All times are UTC+02:00




Post new topic  Reply to topic  [ 1012 posts ]  Go to page Previous 121 22 23 24 25102 Next
Author Message
PostPosted: Fri Feb 01, 2013 5:49 pm 

Joined: Sun Dec 12, 2010 2:26 pm
Posts: 885
Quote:
3. @Brian: Sorry, I really don't like the idea of sending debug files to anyone...
I know Hans. I realize what I'm asking. The difficulty here is because you don't have the same platform, you don't have a proper test bed. Changes that you make that work fine on your system could be beneficial to mine, or they could be detrimental, or vice-versa.

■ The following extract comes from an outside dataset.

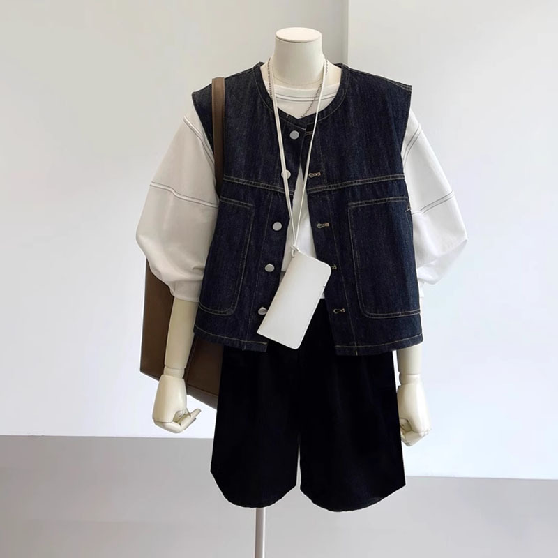 レトロな紺色のデニムの馬甲の女性の春と秋のデザイン感があります。
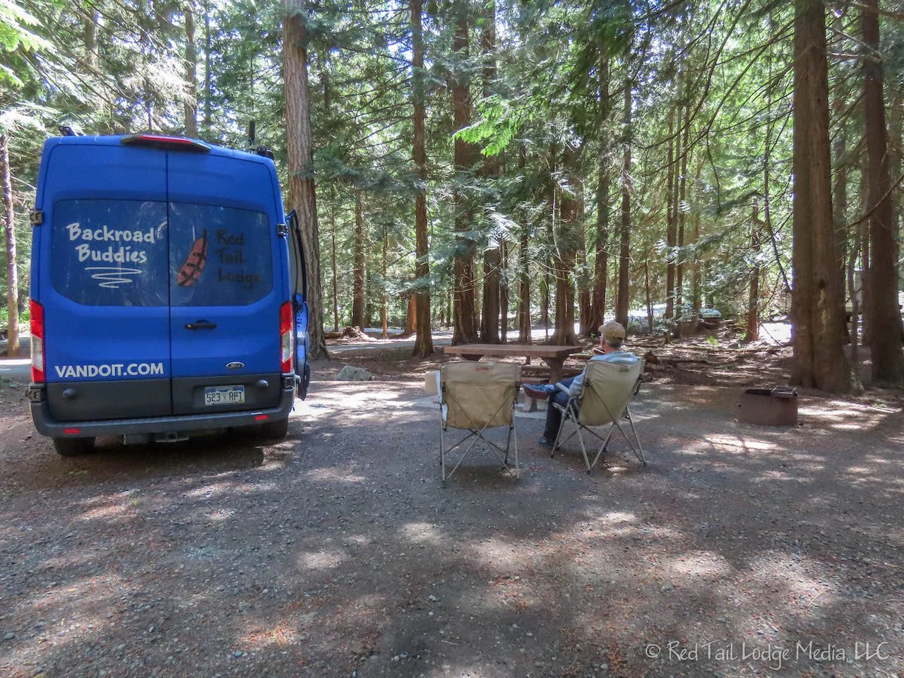 We were able to cook outside, but it was just a tad bit too cool to sit outside to eat our dinner. Back into our Red Tail Lodge (our van) we went for the rest of the evening.

Example, with your thought about inlining:

A Core2Duo E8400 has 32Kx2 of L1 (Instruction + Data). My Athlon 64 3700+ has 64Kx2 of L1 (Instruction + Data). Since all you're doing with all the other filters disabled is exercising the very basic core and the L1, there is indeed a reason why I saw no change vs. Bojcha seeing a degradation - my system has more L1 to use.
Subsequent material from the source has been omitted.